His heart pounds: he wants to follow his idea farther as it escapes through the grass, but Abe says, Good, good, and makes a motion with his fingers to slow Bit down for the others.

Cole says, face taut with confusion, Wait, but. Like, Satan says this and he’s bad? But we believe it, right? That people can create themselves. So what’s wrong with that?

Go on, Abe says.

For example, the Trippies, Cole says. I mean, we have to believe that they can make themselves better, or else we wouldn’t waste all the Minders’ time on them, right? And the whole idea of Arcadia. That civilization can be better if we just believe. Like the way Handy always says that we’re emanating light, and that light will touch the dark corners of the world and make them light, too. I mean, that George Eliot guy’s quote.

Go ahead, Abe says to Bit, eyes crinkling over his red beard.

Bit says, I have a belief of my own, and it comforts me. . That by desiring what is perfectly good, even when we don’t quite know what it is and can not do what we would, we are part of the divine power against evil — widening the skirts of light and making the struggle with darkness narrower. And Eliot was a girl, he says. Cole flushes, then lobs an acorn at Bit that nails him in the temple, and they laugh, friends again.

Great, Abe says, and Bit feels a burst of pride. Then he finds a handful of humility and covers it over.

Abe says, Both Satan and Eliot are backing up the same sort of idea, that desiring change is a powerful way of making change; that change unfolds from this desire. Harrison, tell us what you think about what Satan says, in the light of our everyday lives.

That we are doing good by trying to do good? says Harrison. That our intention is what matters?

Intention matters, says Abe. But if you listen closely to both quotes, it’s not the only thing. In Eliot and in Milton’s Paradise Lost, there’s the idea of struggle, the attempt to act in order to make your heaven come to fruition. So push your thinking. Let’s use Arcadia as a case study. Think about how things are these days. Think about what you most desire to do differently, what doesn’t make sense, how we should act on our good intentions in the way we’re not right now. We’re not in hell, but we’re getting there. And this is from someone who used to head up the Sanitation Crew in the middle of summer before I broke my neck. Believe me, I do know hell.
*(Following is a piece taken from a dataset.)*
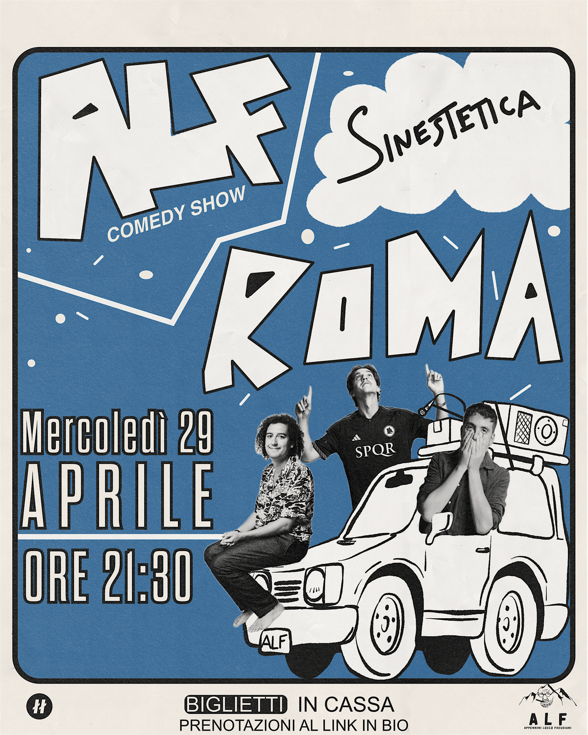 🎤 Un trio di autori comici si alternano sul palco portando monologhi di stand up comedy e proiezioni video.

The boys laugh, but there is a new tension between them, and when the laugh dies, they are suddenly shy. The wind picks up among the oak branches and waggles spots of light all over them. Okay, says Harrison, at last. He is the oldest boy in the Ado Unit, used to speaking up. I guess one thing is that we’re all supposed to be equal, and yet Handy is still our leader, making commands and things. It just doesn’t square to me. Why do we need a leader and the Council of Nine? Shouldn’t we all just democratically make up our own rules?